▸ **Aim of the exercise**:
Word for word, quote the lines from the one containing "- Remove union" to the end of the entries below, including both. Leave pictures out.

▸ **Extracted entries**:

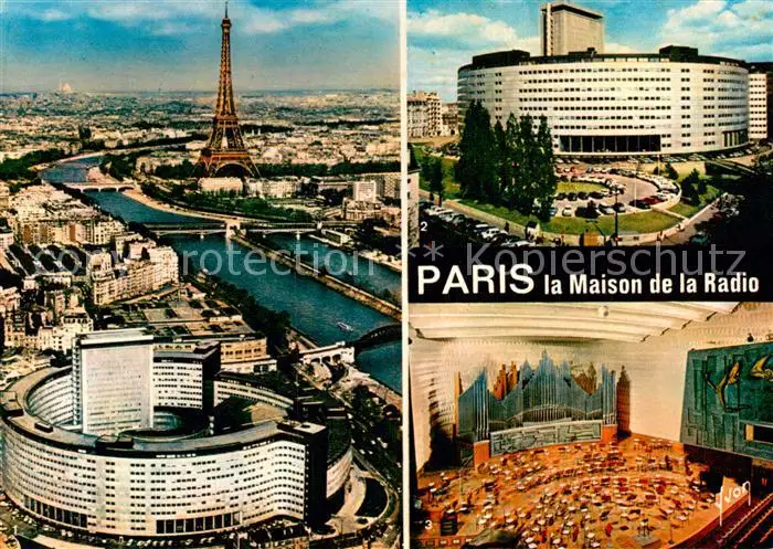 Paris_75 Maison de la Radio et la Tour Eiffel vue aérienne Salle de Concert postalisch nicht gelaufen nach 1965 Fliegeraufnahme Erhaltung siehe scans [FriedD77] Fliegeraufnahme Frierer
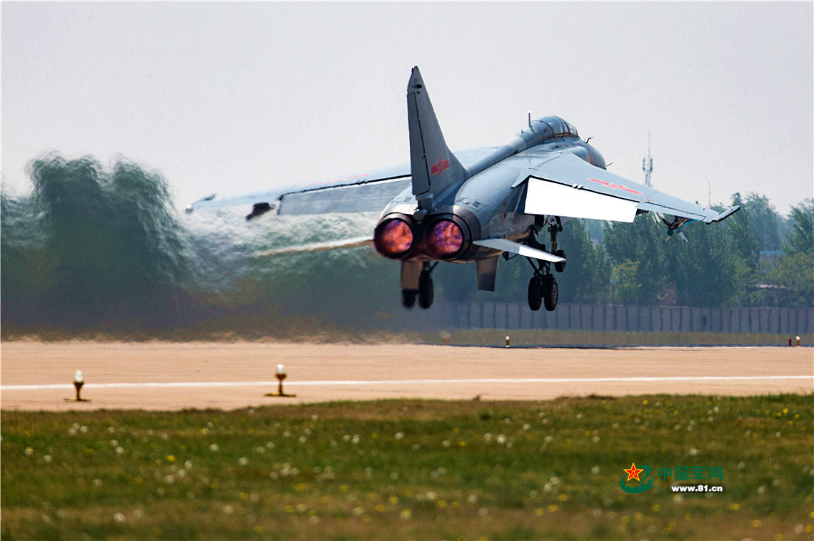 圖為“飛豹”戰(zhàn)機加力起飛。(孫振東 攝影 圖片來源:中國軍網(wǎng))
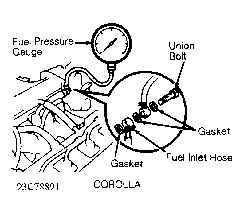 - Remove union bolt and gaskets. Install Fuel Pressure Gauge (SST 09268-45012) using NEW gaskets. See Fig 1. Tighten union bolt. Reconnect negative battery cable.
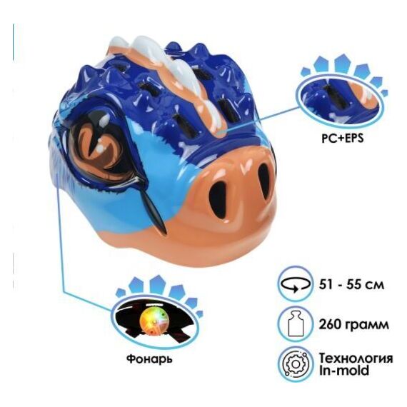 Шлем предназначен для детей. Размер окружности головы регулируется: 51-55 см. Корпус изготовлен из термопластика. В качестве буфера служит пенополистирол, который в случае падения принимает основную силу удара на себя. Подкладка из полиэфирного волокна предотвращает попадание грязи и влаги, не вызывает аллергических реакций. Имеются вентиляционные отверстия. В комплект входит съёмная подкладка для подбородка.Сзади шлем оснащён фонарём для обозначения велосипедиста на проезжей части.
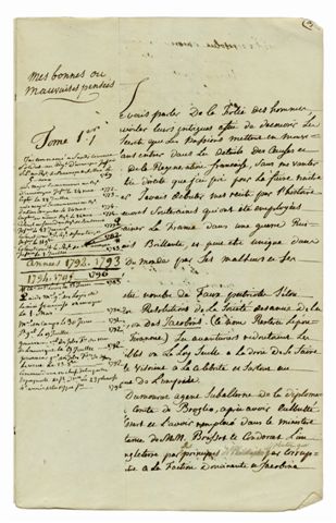 Rare et exceptionnel document relatant la carrière militaire du fils du maréchal de Rochambeau, de 1792 à 1796, dans lequel il développe également ses idées politiques et des réflexions personnelles.
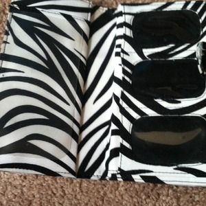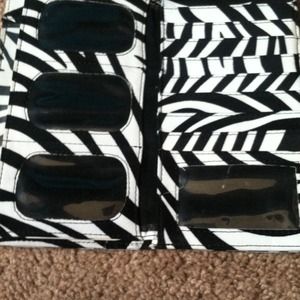 Lightly worn zebra print wallet. It opens up and has multiple spots for cards and slots for pictures

▸ **Written response**:
 - Remove union bolt and gaskets. Install Fuel Pressure Gauge (SST 09268-45012) using NEW gaskets. See Fig 1. Tighten union bolt. Reconnect negative battery cable.
 Шлем предназначен для детей. Размер окружности головы регулируется: 51-55 см. Корпус изготовлен из термопластика. В качестве буфера служит пенополистирол, который в случае падения принимает основную силу удара на себя. Подкладка из полиэфирного волокна предотвращает попадание грязи и влаги, не вызывает аллергических реакций. Имеются вентиляционные отверстия. В комплект входит съёмная подкладка для подбородка.Сзади шлем оснащён фонарём для обозначения велосипедиста на проезжей части.
 Rare et exceptionnel document relatant la carrière militaire du fils du maréchal de Rochambeau, de 1792 à 1796, dans lequel il développe également ses idées politiques et des réflexions personnelles.
 Lightly worn zebra print wallet. It opens up and has multiple spots for cards and slots for pictures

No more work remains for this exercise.